1. Field of the Invention
This invention relates to a flowcell for measurement of fluid sample constituents.
2. Prior Art
Heretofore flowcells for use in continuous-flow analysis have been of the type in which a ray of light is directed transversely through a sample fluid path in a single plane (U.S. Pat. No. 3,518,009) for detection on the opposite side of the path, and of the type such as shown in Bellinger et al U.S. Pat. No. 3,740,158 wherein the sight path is axially along a portion of the fluid path. Commonly, the cross sectional dimension of the fluid path is 1 mm or less which severly limits the cross sectional size of the sight path. In the use of flowcells of the last-mentioned type, a common difficulty has been encountered in the accumulation of debris at the points of the fluid path, coincident with the sight path, where the fluid path enters and leaves the sight path. This debris, which is located where the fluid angularly enters the sight path and leaves it, causes optical noise in sample measurements. Attempts have been made to minimize entrapment of debris, such as small bubbles and dirt, by curving surfaces of the fluid path, as in Isreeli U.S. Pat. No. 3,236,602, or by beveling such surfaces as in Rachlis et al U.S. Pat. No. 3,583,817. Such collection of debris is avoided in Pelavin U.S. Pat. No. 3,418,053 where the fluid path is straight and the light input and output is angled with respect to the path. However, there is a significant light energy loss due to the flowcell structure and such attempts have not been entirely successful. The present invention seeks to obviate these difficulties. Heretofore, as in the last-mentioned structure, attempts have been made to reflect light energy within the flowcell by use of an axially extending silvered or bright surface portion of the cell acting as a mirror reflecting light energy back and forth across the fluid path. However, the significant loss of light energy occassioned by mirror reflections is well known. Further, the length of the sight path is not fixed. Hence, the length of the sight path may be different for different ones of the samples. This gives rise to lack of precision in analysis.

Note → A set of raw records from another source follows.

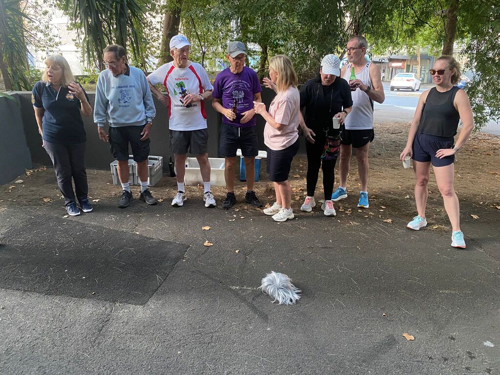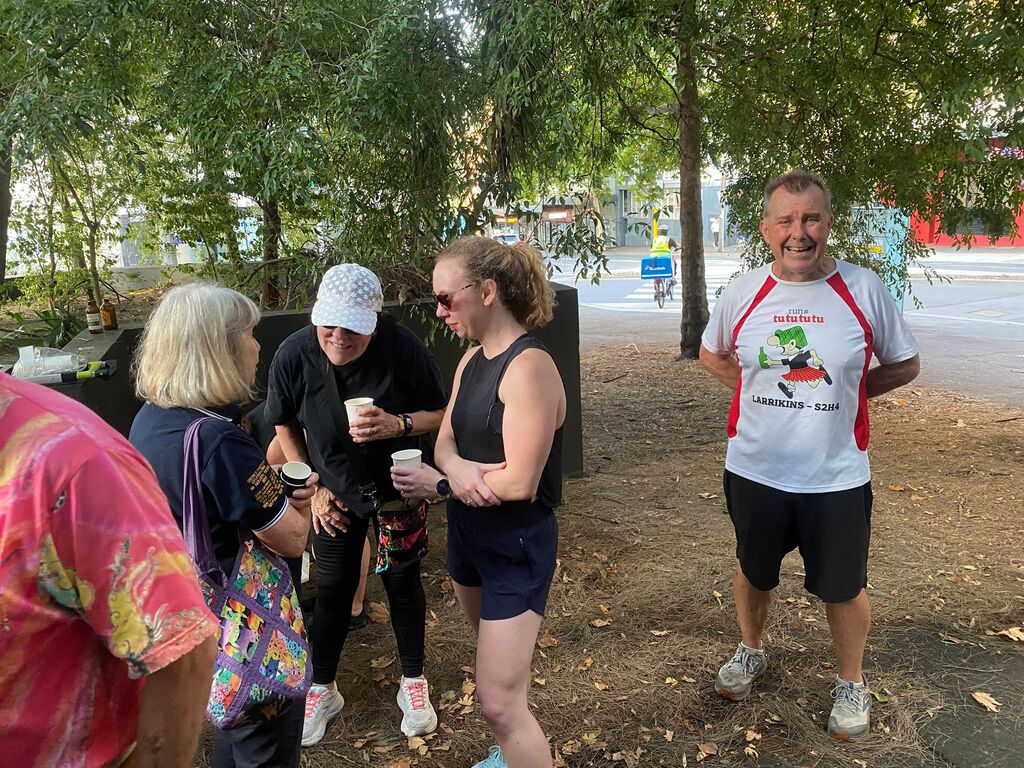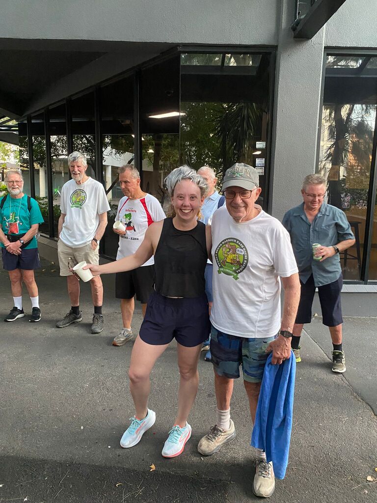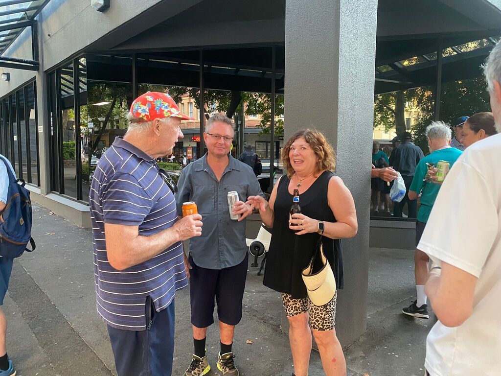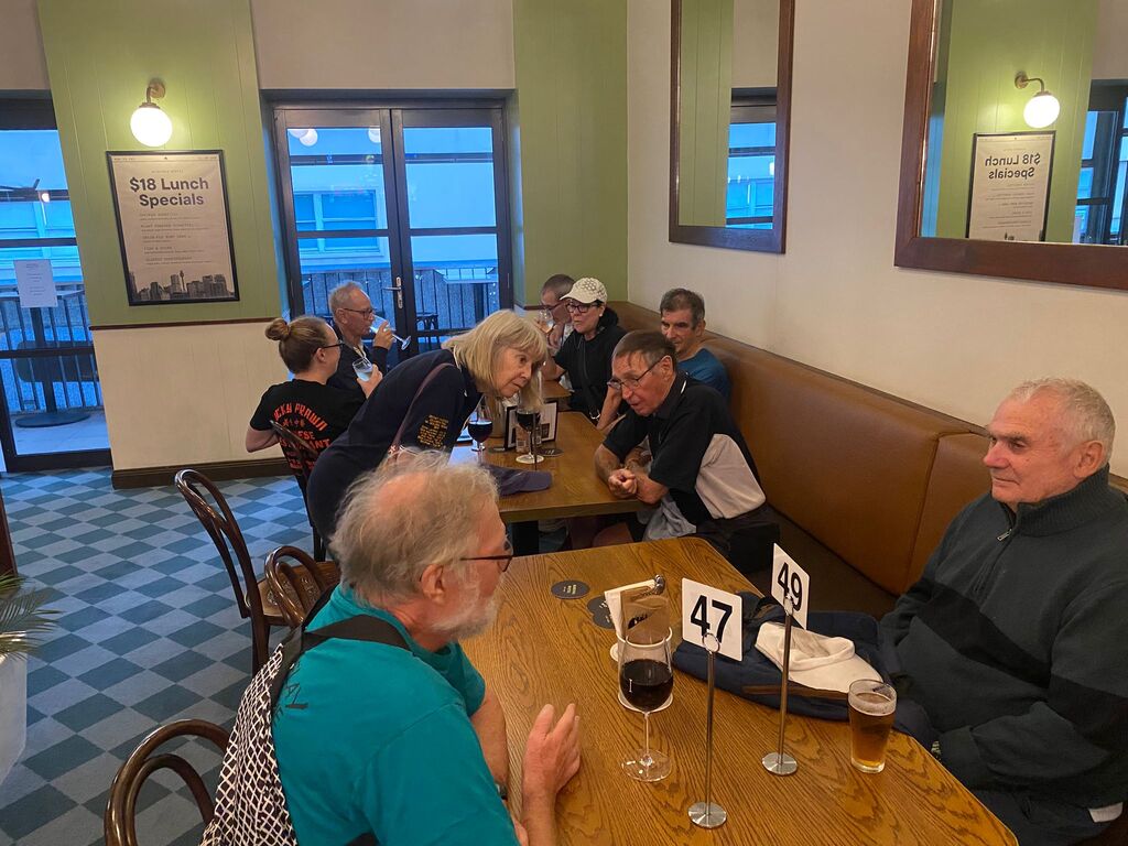 On a supposedly rainy day in January. I set off to set the run on what turned out to be a beautiful day with the help of Outer, who kindly offered to help me. We met at the Aurora pub & split up the run. Outer doing the first part &the walkers and I the runners section. So, armed with chalk and maps, we set off in opposite directions. And pretty much completed the run within an hour & a half, meeting up back at the pub. Had a couple of beers while we waited for the pack to turn up. One concern we had was parking for. Laundromat & the bucket so we endeavoured to reserve places with E bikes which worked to a degree except people keep coming and taking the base. Having done a quick check at the Aurora pub to make sure they had our bookings in place; we found out they hadn't. So, we made sure that they had got our special location ready for us at 8:00, which they did. Eventually the pack gathered at the back of Central Station on the corner of Elizabeth & Randall St. About 25 people turned up and they set off walking and running. While. Outer and I guarded the bucket. About an hour later, the first runners started coming back followed closely by the walkers. Plus, a number of hashers turned up. directly to the bucket, Cultured, Bristle & Bren Gun. Bristle having missed the run drinking in the wrong Pub. After some socialising around a bucket, Mongrel started the circle. Giving. I and. Outer down downs as joint hares. After run reports by Mother for the Walkers run. Where his only comment was “did you see the tallest wooden building in the world?” Nobody had, but we let that one pass, and he gave us a score of. 9.1. He'll do. Gave the run report. and also gave us a great score of 9.9 ( I believe). So, We drank our down downs quite happy with the results. It seemed that everyone thought the run was pretty well marked and pretty good for a run through the centre of the city. Also, a very rare an unusual event occurred. Mongrel. Instigating the naming of a new hash member under the age of 40. Unbelievable what's happening to the hash. The young lady is now known by the hash name of Swifty and is a very welcome addition to the group. Also given down downs that evening were Virgin hashes. Liz and Steve, who joined us for the first time. Plus, sometime visitors. Inner and Mrs AfterBirth were also given down downs for guest appearances at the run. I can't think. Of any other. Announcements except Bristle announced. Top shelf whiskey at the pub for $11.00 a shot. So, on that note, we all headed across the road to the pub. $18.00 burgers were the special, but people ordered quite a wide range of. meals. In general, didn't hear any complaints, food came fast. Pub was comfortable and they provided a good area for the pack. All in All, a good venue , one I think we would probably go back to in the future. Not a bad run even if I say so myself. On On Afterbirth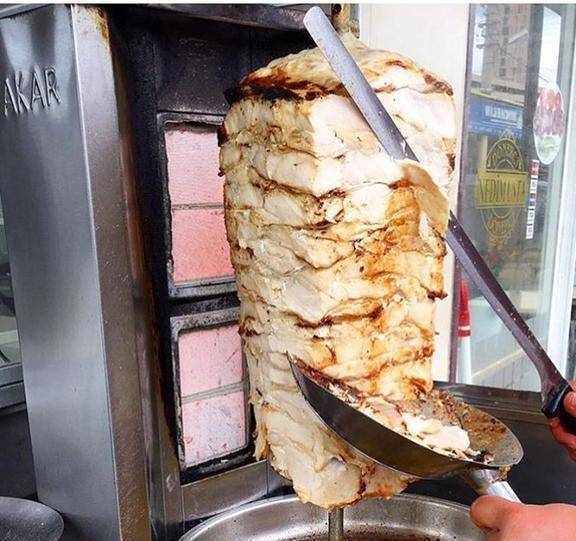 正在切烤的師傅土耳其卷餅衍生食品——漢堡肉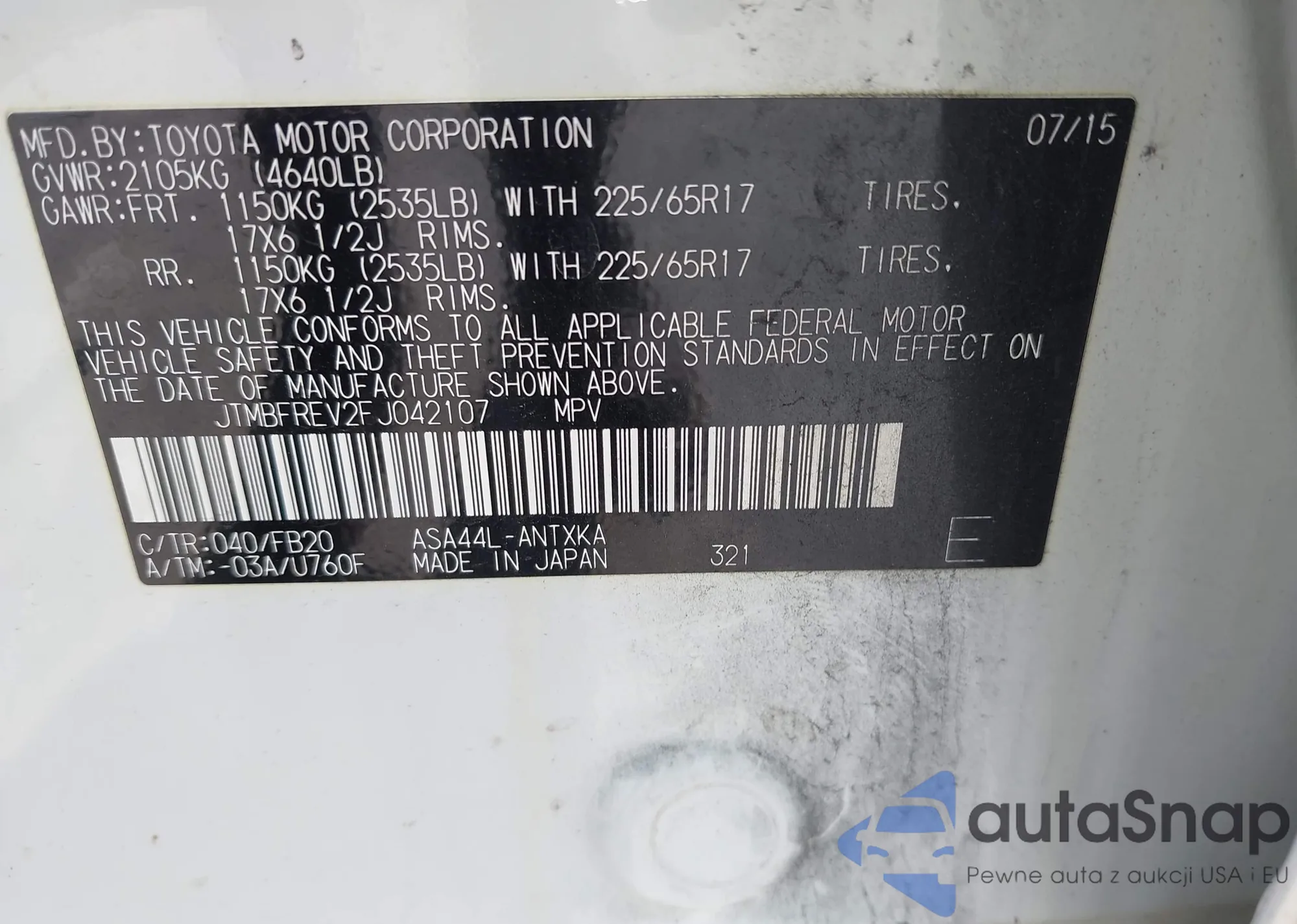 LOT: 42291565 VIN: JTMBFREV2FJ042107

In flowcells, generally, and specifically those utilizing laser illumination, it is old to use total internal reflections for reflection of light energy, such reflections being provided by a polished cell surface. These reflections do not suffer the loss of light energy occassioned by mirror surfaces. The present invention contemplates use of such total internal reflections in a new combination.
Further, attempts are known, as in dye lasers, at multiple pass transverse illumination of a dye path by internal reflections in a dye cell as by Ulrich Fritzler as evidenced in Journal of Physics E: Scientific Instruments, Vol. 7, 1974 printed in Great Britain. However, it is obvious that such attempts were not for the purpose of measurement of a fluid sample constituent and that Fritzler was not faced with the problem of getting light energy out of the cell for detection by a detector.